最高品質の沈香木。樹脂分の凝集度が極めて高く、潤沢な黒色が特徴。中国および日本で珍重された。現在のベトナム中部沿海に栄えたチャンパ(占城)王国の地が、産地としてよく知られた(他地域でも産出はした)。
高価な香木
その名称は、梵語および現地語で黒を意味する"kalam"に由来するといわれる。現地では”kalam"に中国語の「木」("bak")を合わせて「カランバック」("kalambak")と呼ばれた。中国では時代によって変遷があるが、「加南木」や「加藍木」、「伽藍香」、「棋(奇)楠香」と呼称された。 ただし、語源については異説もある。
史料に現われる早い例では、中国南宋の乾道三年(1167)十月、占城(チャンパ)からの進貢品に、乳香や象牙とともに「加南木棧香、三百十斤」とある(『宋会要』歴代朝貢)。南宋末期から元初にかけて編纂された陳敬の『香譜』には、「伽藍木」について「蓋し香中之至宝」とあり、その値段は金と同じであったと記されている。

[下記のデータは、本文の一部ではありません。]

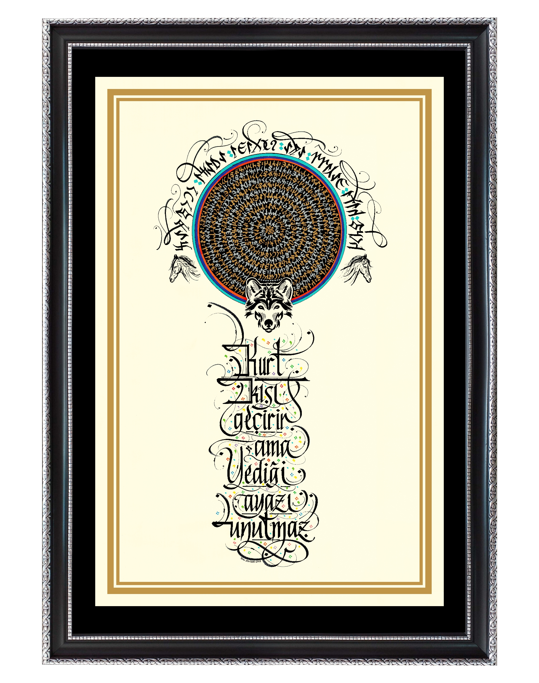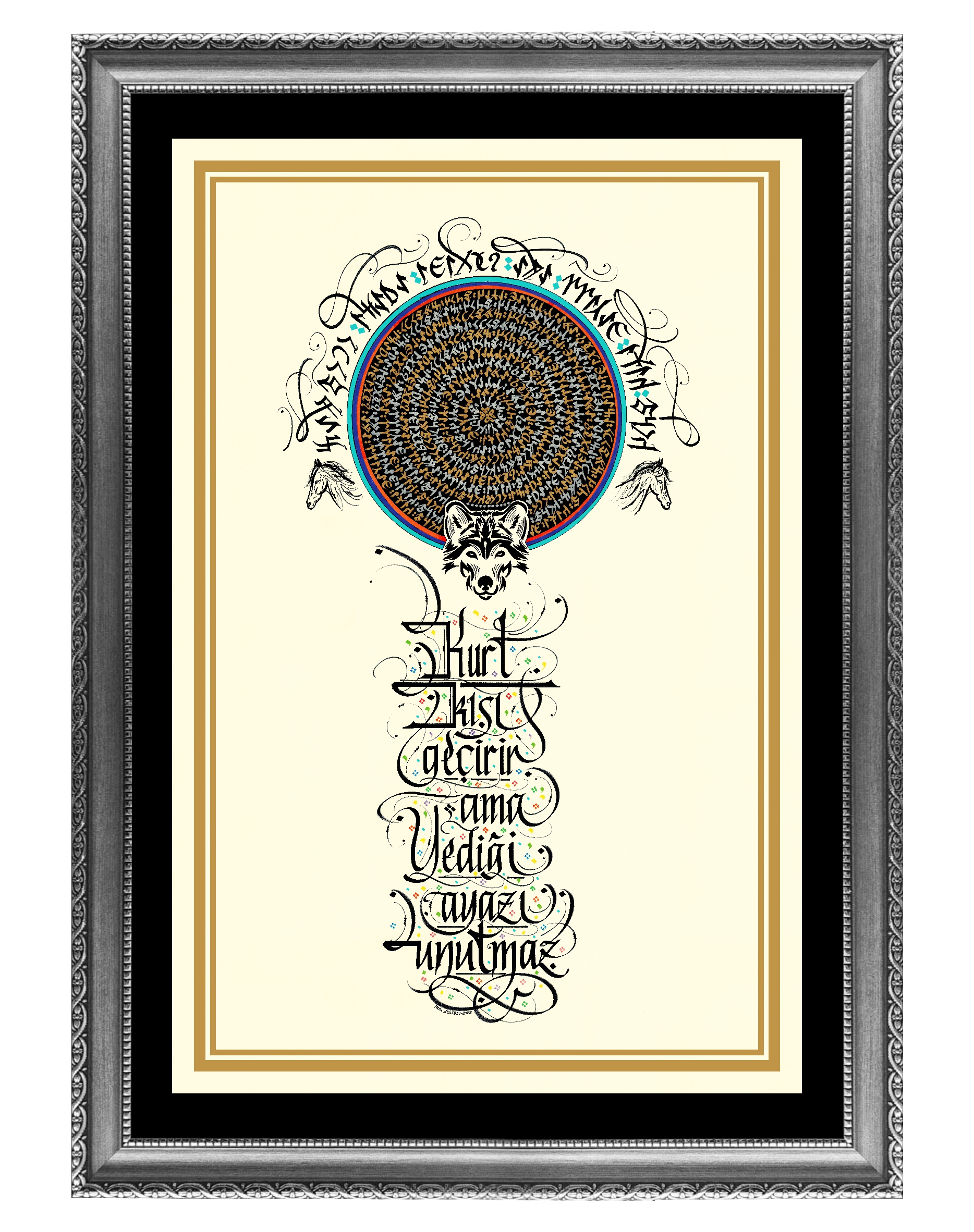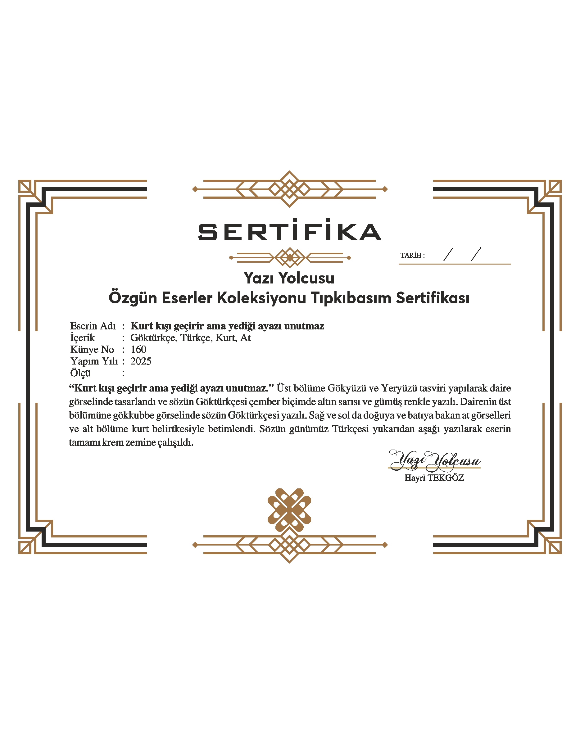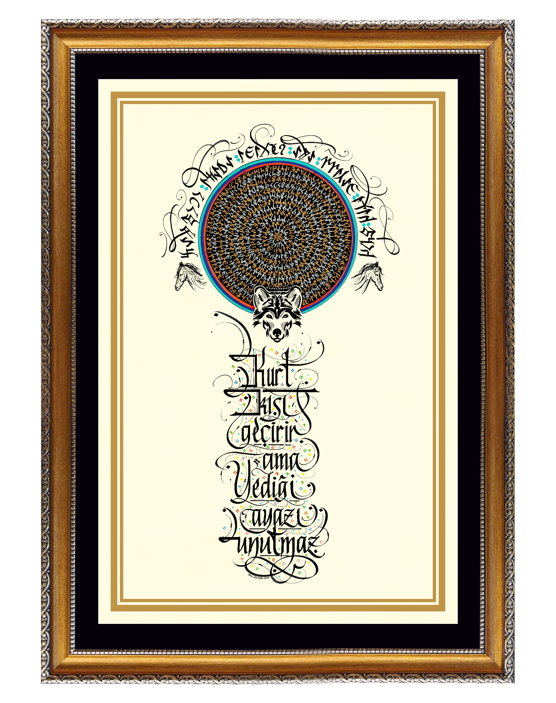 “Kurt kışı geçirir ama yediği ayazı unutmaz.” Üst bölüme Gökyüzü ve Yeryüzü tasviri yapılarak daire görselinde tasarlandı ve sözün Göktürkçesi çember biçimde altın sarısı ve gümüş renkle yazılı. Dairenin üst bölümüne gökkubbe görselinde sözün Göktürkçesi yazılı. Sağ ve sol da doğuya ve batıya bakan at görselleri ve alt bölüme kurt belirtkesiyle betimlendi. Sözün günümüz Türkçesi yukarıdan aşağı yazılarak eserin tamamı krem zemine çalışıldı.
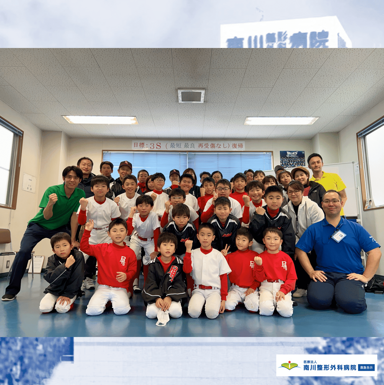皆さまこんにちは!南川整形外科病院の地域貢献活動の一環として、姪北ブラックベイスターズの皆さんと保護者の方々をお招きして「スポーツ障害予防教室」を開催しました!
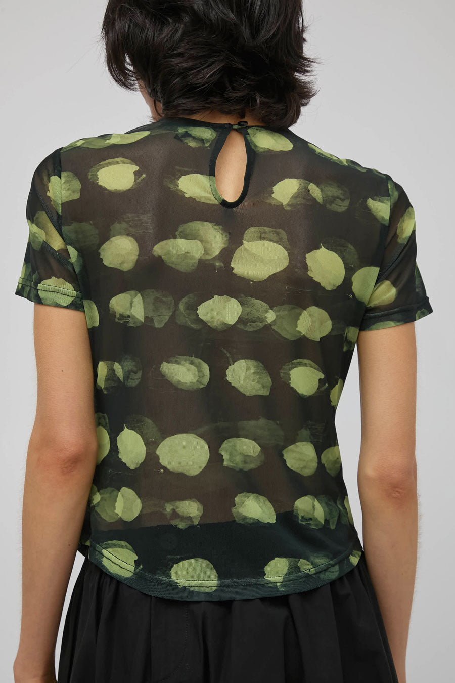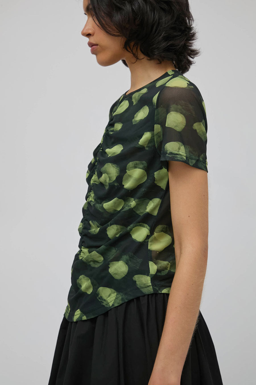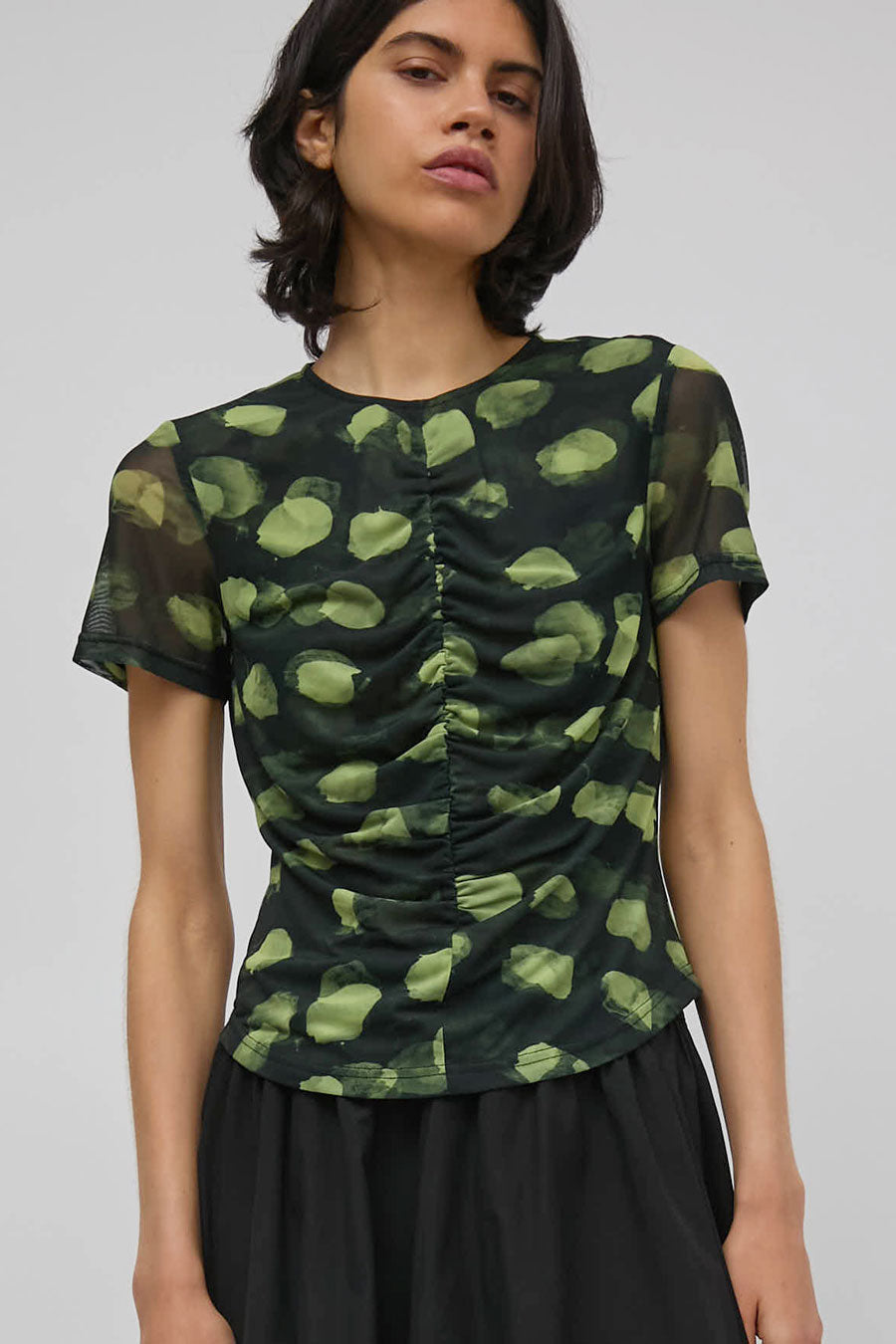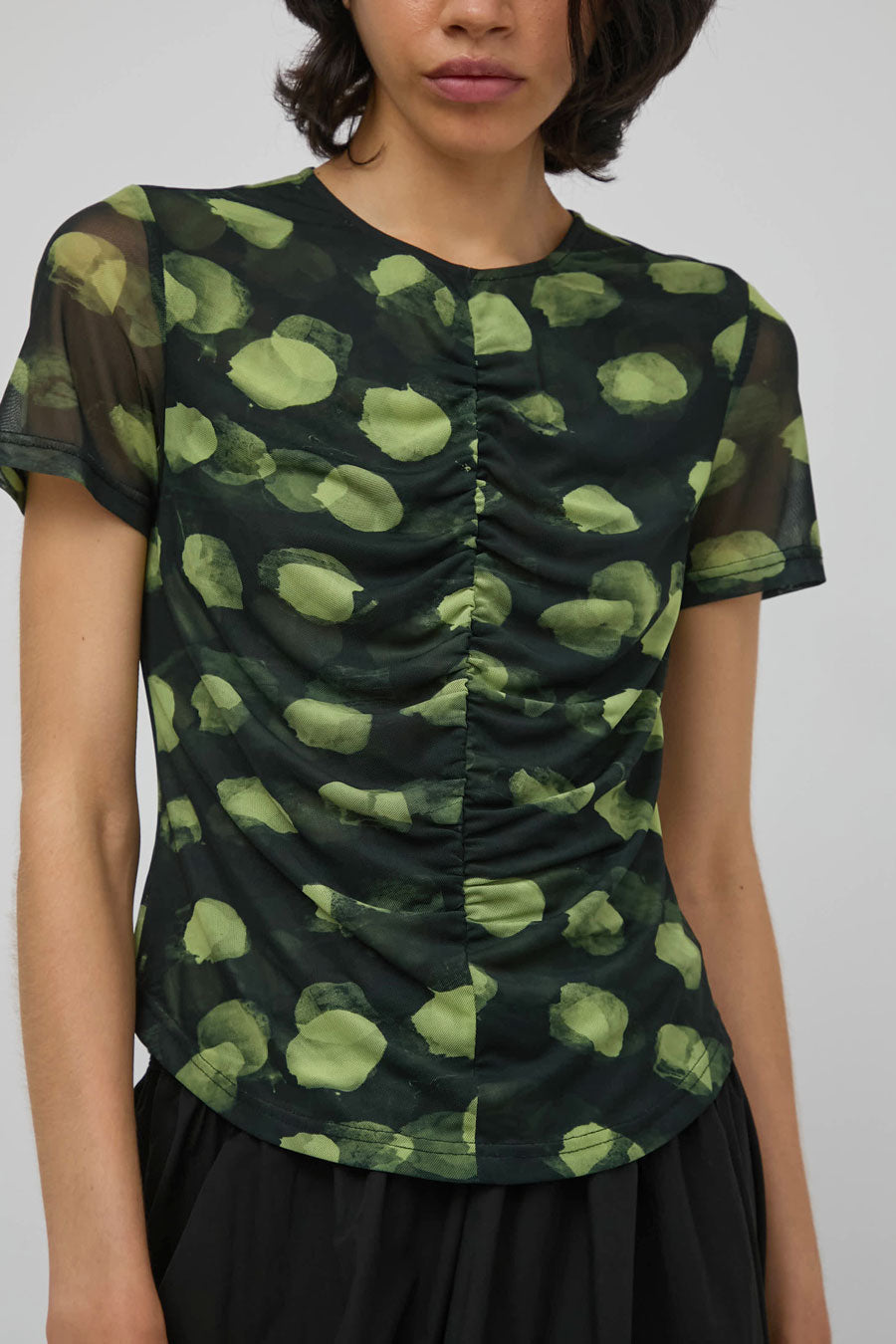 Elevated short-sleeve t-shirt with a flattering ruched center seam. Slim fit with a hem long enough to tuck. Back button keyhole closure.

16世紀初め、ポルトガル人のトメ・ピレスも著書『東方諸国記』の中で、チャンパの主要な商品として「カランバック」にふれている。すなわち真物の沈香であり、同種の中では最良のものとし、マラッカでは2アラテルにつき、6~7クルサードの値であるが12クルサードのものもあると記している。
日本での伽羅
日本では14世紀後半頃に成立した『異制庭訓往来』に「伽藍木」「妬伽羅」とあり、『遊学往来』に「伽羅木」がみえる。
天正二年(1574)の「建部隆勝筆記」には、「名香木所之様体、御尋候、伽羅、新伽羅、羅国、真那班、真那賀、大形如斯候」とあり、伽羅を最上とする後の香道の「六国」の原型が16世紀後半には現れている。なお伽羅と新伽羅の違いは、輸入の時期による新古の違いによる価値の差を区別するためと考えられる。
このため、伽羅の需要は非常に高かった。天正五年(1577)八月、フロイスは巡察師のアレッサンドロ・バリニャーノに宛てた書簡の中で、日本の大身たちが珍重する物を挙げているが、その中に伽羅・沈香がみえる。徳川家康も伽羅の入手に力を尽くしており、慶長十一年(1606)、占城国主やカンボジア国主、シャム国王、田弾国王らに宛てて、それぞれ極上の奇楠香を求めている。
慶長十四年(1609)、長崎奉行・長谷川藤広は、占城国主に対して銀20貫目を送って伽羅100斤を入手した。しかし銀と比べて伽羅の量が少なすぎるといって重ねて要求している。
また慶長十九年の平戸オランダ商館員の報告によると、堺で売買した商品のうち、沈香は品質により1斤につき70匁ないし80匁、伽羅は品質により1斤につき230匁ないし250匁であったとされる。